*YOUR OBJECTIVE*.
Every line from the one containing "aerial view - n.t.s" to the end of the data below should be copied exactly, but pictures should not.

*EXERCISE INPUTS*.

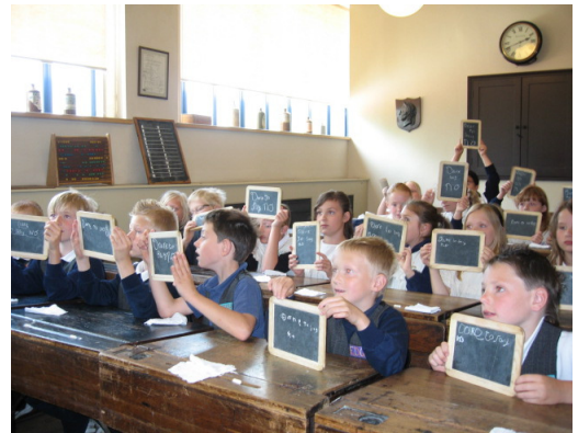
Learning the 'Victorian' Way!
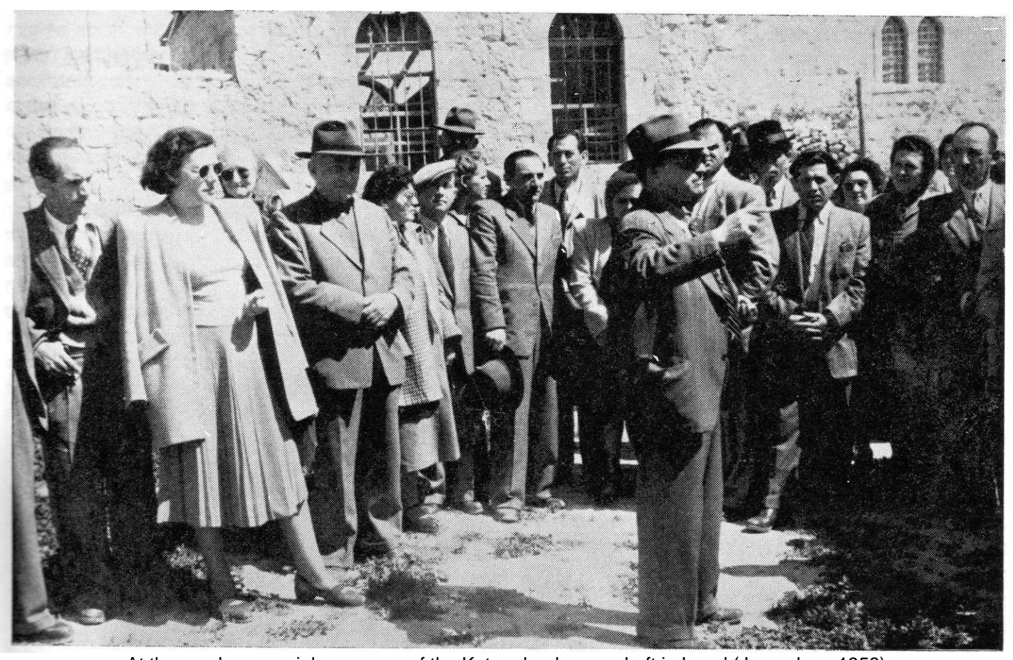
At the yearly memorial ceremony of the Kutner landsmanschaft in Israel (Jerusalem, 1958)
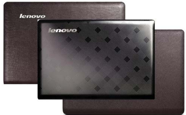
Lenovo IdeaPad U350 cover
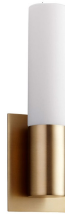
Shown in aged brass / white opal glass
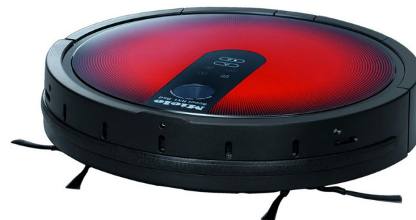
TURNTABLE AND SPEAKER | STAR-POWER.COM
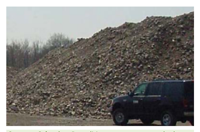
Concrete Salvaging: Demolition concrete was crushed onsite and stockpiled for use as fill at the main plant area after its excavation was complete.
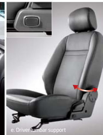
e. Driver lumbar support
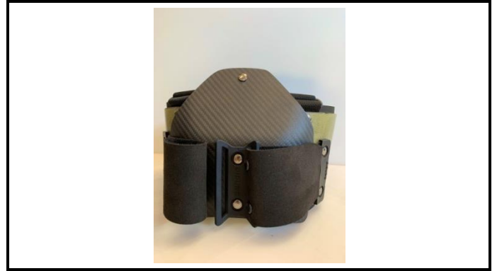
A1-2) Position / Position : FRONT CLOSURE
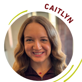
Hometown: Remsen, IA Major: Counseling & Developmental Psychology
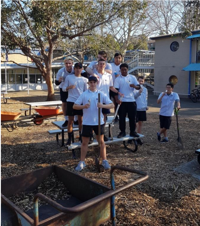
Construction class fixing up the playground.
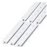
Zack marker strip, Can be ordered: Strip, white, Labeled according to customer specifications, Mounting type: Snap into tall marker groove, For terminal block width: 16.3 mm, Lettering field: 10.5 x 16.25 mm
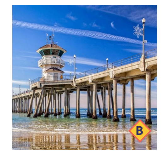
Huntington Beach Pier
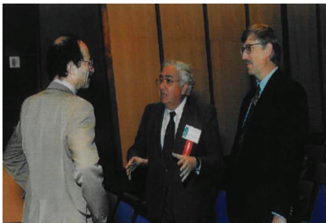
Fig. 2. Taking the search for alcoholism risk genes to the top of NIH.
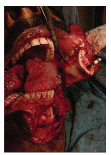
Figure 1: Intraoperative photograph showing the mandible where the gingival mucosa is removed as part of the margin of resection
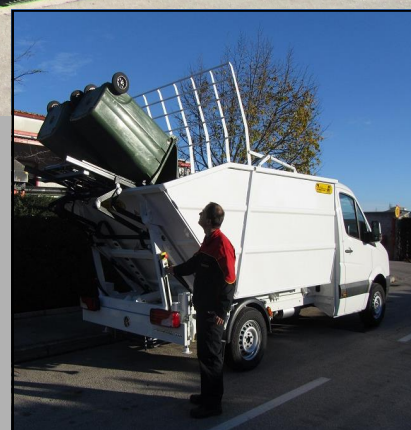
- rear tipper MK1 - thrust board - system for emptying cans

Self-compacting semitrailer PPK 020 is designed for waste compacting and transporting from waste transfer stations to the central county waste management centre. In addition to the system of waste compacting, this semitrailer has installed high-pressure wash system of loading space.
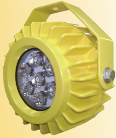
High Impact LED Dock Light
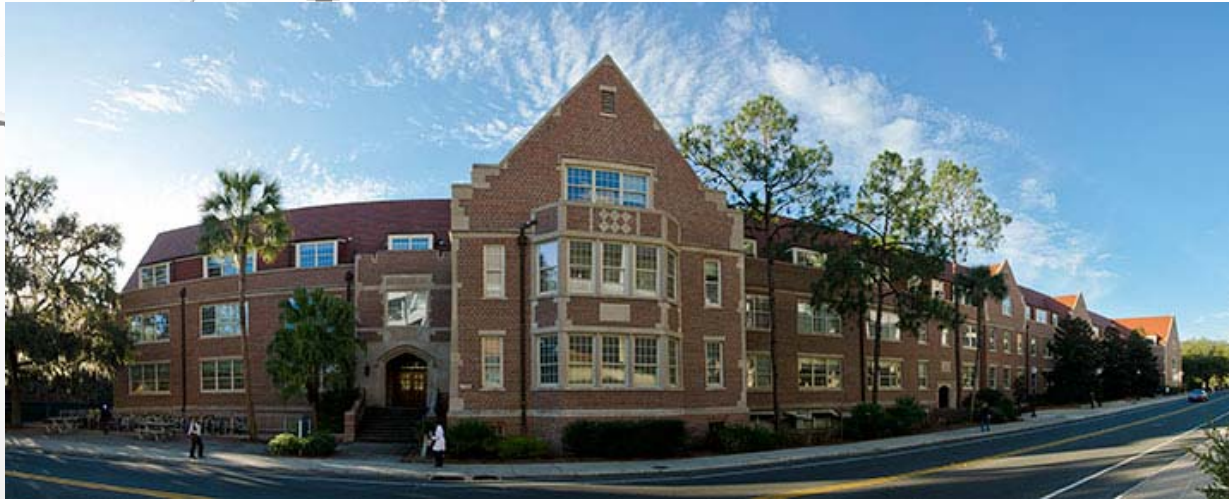
Weil Hall, University of Florida, Gainesville
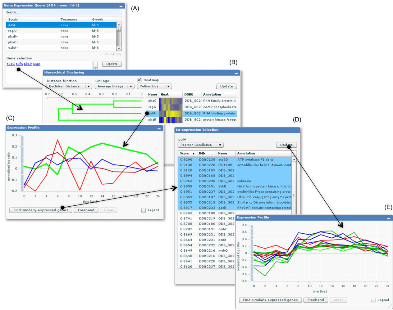
Figure 3 An example of explorative data analysis in dictyExpress. An example of transcriptome exploration steps enabled in dictyExpress. The user starts with a selection of an experiment and a set of genes (A). The user continues by selecting a target gene profile from the dendrogram (the pufA gene) (B). The application automatically highlights the corresponding trajectory in the profile visualization (C). The next step is a request to find and display of list of similarly expressed genes (D). The user can select a subset of the most similar genes, making this list the active set of genes, with a subsequent update of all the dictyExpress components, including the one showing the gene expression profiles (E).

tyExpress from the gene home pages. Following these links, dictyExpress displays the wild-type expression profile for a selected gene, and supports the user for further exploration. The users are able to test the expression of their gene of interest in the wild type and in the mutant strains, and use the application for exploring the Dictyostelium transcriptome, shuttling back and forth to dictyBase in order to explore the annotations of interesting genes.
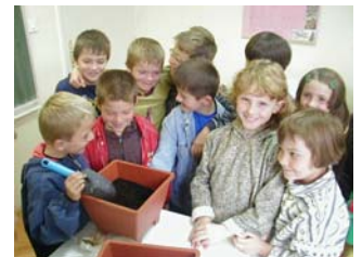
Primary school students, October 2000 Nova Bila

The EFP program has since gained the dedicated support of the BiH Ministry of Foreign Affairs and international governments, and will be extended across the country in two phases. See article "EFP-World..." on p.1 for more details about expansion in BiH.
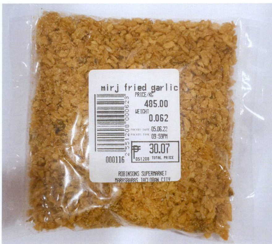
Figure 1. Unregistered MIRJ Fried Garlic

The Food and Drug Administration (FDA) warns all healthcare professionals and the general public NOT TO PURCHASE AND CONSUME the unregistered food product:
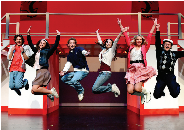
The lead characters of the spring musical, High School Musical On Stage!, are pictured.
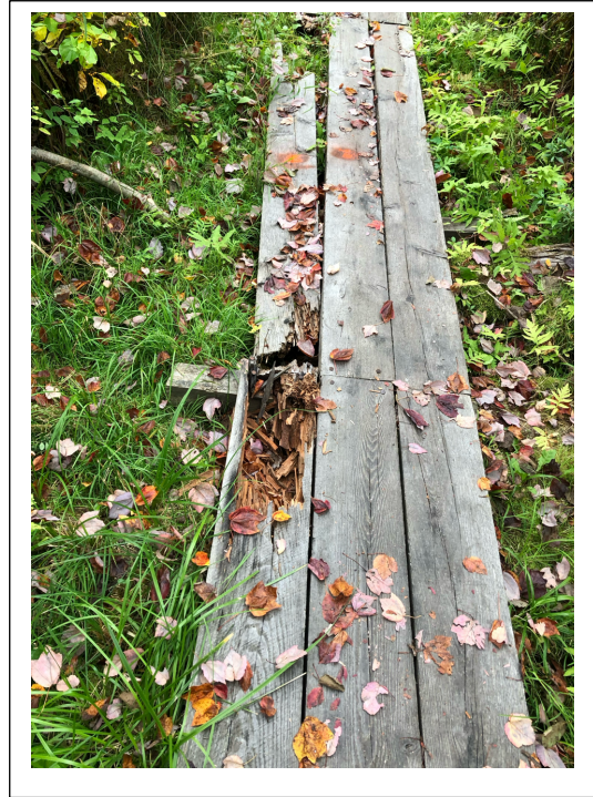
Boards on the Outer Loop Trail marked with orange paint and ready for replacement boards.
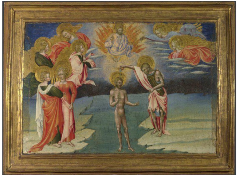
The Baptism of Christ Giovanni di Paolo National Gallery of London

This is the word of the Lord. Thanks be to God.
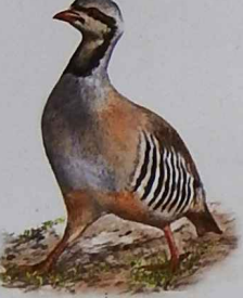
Chukar partridge ( Alectoris chukar )
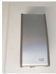
Fig 3 Soap dispenser

Sept 2021 We ordered a club banner to promote the club which will hang off the southern fence.
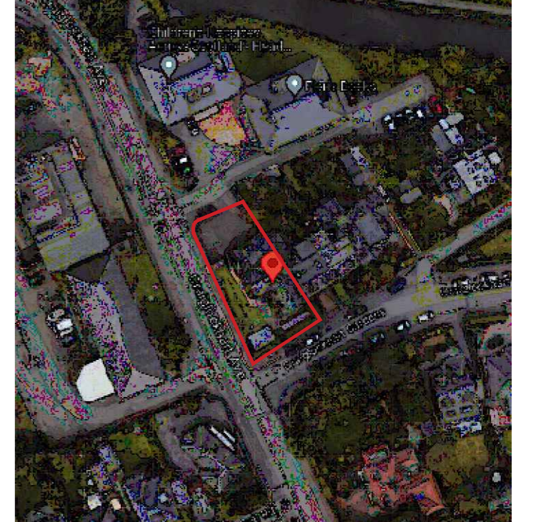
aerial view - n.t.s

Site area = 532.7 sq m Ex. Building footprint area = 160.6 sq m
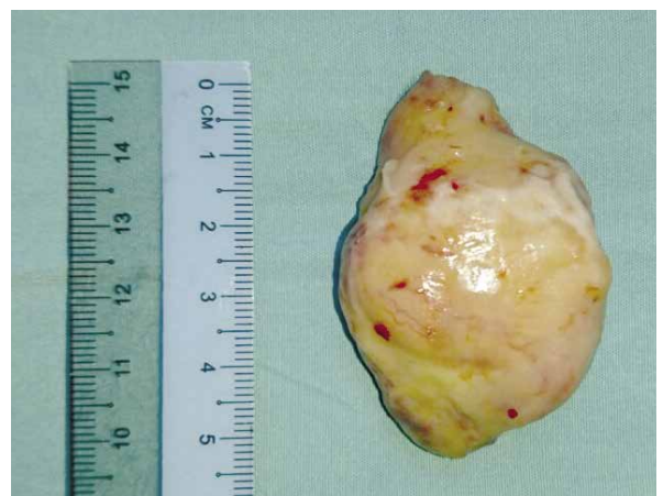
Fig. 3. Polypoidal mass with a stalk
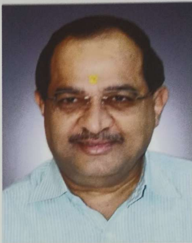
Hon'ble Shri. Radhakrishna Vikhe Patil

Hon'ble Ex Member of Parliament & Union Minister for Heavy Industries & Public Enterprises Founder - Padmashree Dr. Vithalrao Vikhe Patil Foundation, Ahmednagar
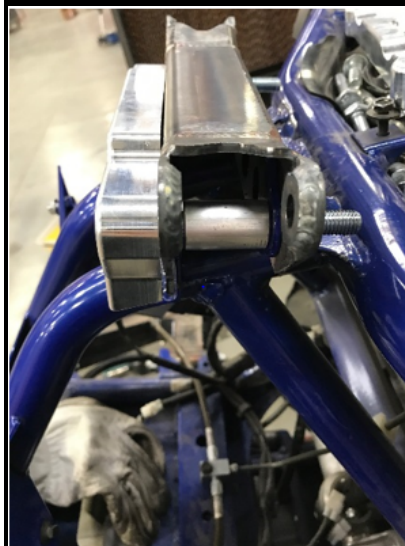
Figure 4: M10 bolts through front saddle, spacers, and through the other side.
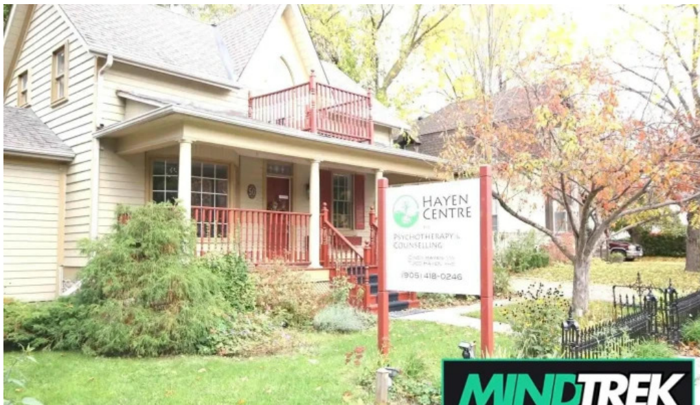
Hayen centre for psychotherapy aurora
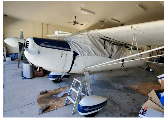
Cessna 140 Canopy Cover (Over-Top Type), Wing Covers Cessna 140 Canopy Cover, Over Top Type, extends to cover gas caps
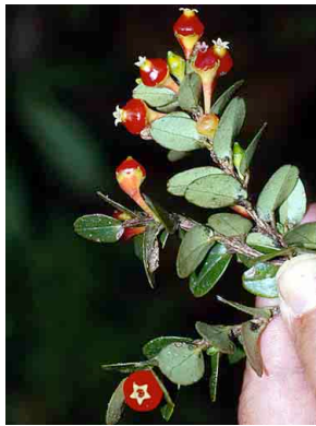
57 Demosthenesia ERICACEAE
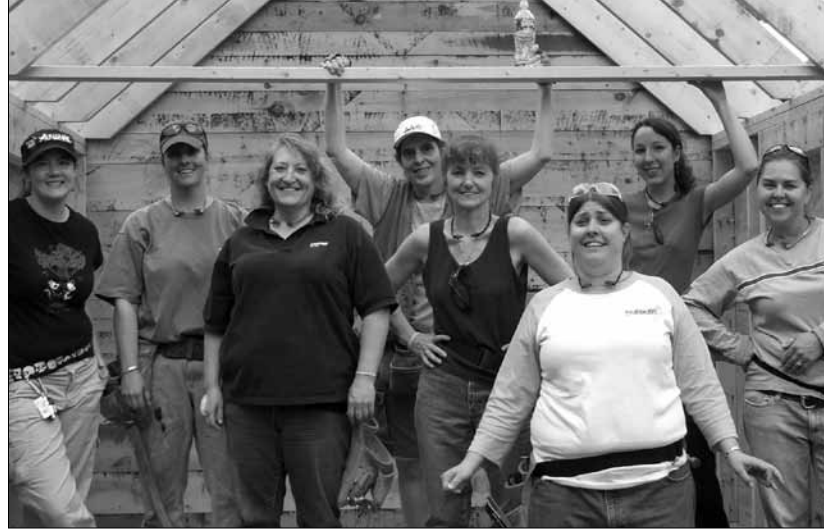
Half way through the course, the class shows their pride in their structure

The hands-on building days allowed students to gain experience in a wide variety of the basic hand and power tools, planning and design, framing, roofing, window installation and trim work through their work on an 8x10 garden shed. An important element of the class—job shadows with area contractors—went exceptionally well and the majority of students opted to volunteer many more hours than what was required, with some students contributing 40-70 hours of their time on job sites with our employer partners. Two graduates were able to gain more experience while building a counter top for the Intervale Foundation in Burlington. One graduate has already been hired by a construction company in her home region of Franklin County. ■

*RESULT OF THE TASK*.
aerial view - n.t.s

Site area = 532.7 sq m Ex. Building footprint area = 160.6 sq m
Fig. 3. Polypoidal mass with a stalk
Hon'ble Shri. Radhakrishna Vikhe Patil

Hon'ble Ex Member of Parliament & Union Minister for Heavy Industries & Public Enterprises Founder - Padmashree Dr. Vithalrao Vikhe Patil Foundation, Ahmednagar
Figure 4: M10 bolts through front saddle, spacers, and through the other side.
Hayen centre for psychotherapy aurora
Cessna 140 Canopy Cover (Over-Top Type), Wing Covers Cessna 140 Canopy Cover, Over Top Type, extends to cover gas caps
57 Demosthenesia ERICACEAE
Half way through the course, the class shows their pride in their structure

The hands-on building days allowed students to gain experience in a wide variety of the basic hand and power tools, planning and design, framing, roofing, window installation and trim work through their work on an 8x10 garden shed. An important element of the class—job shadows with area contractors—went exceptionally well and the majority of students opted to volunteer many more hours than what was required, with some students contributing 40-70 hours of their time on job sites with our employer partners. Two graduates were able to gain more experience while building a counter top for the Intervale Foundation in Burlington. One graduate has already been hired by a construction company in her home region of Franklin County. ■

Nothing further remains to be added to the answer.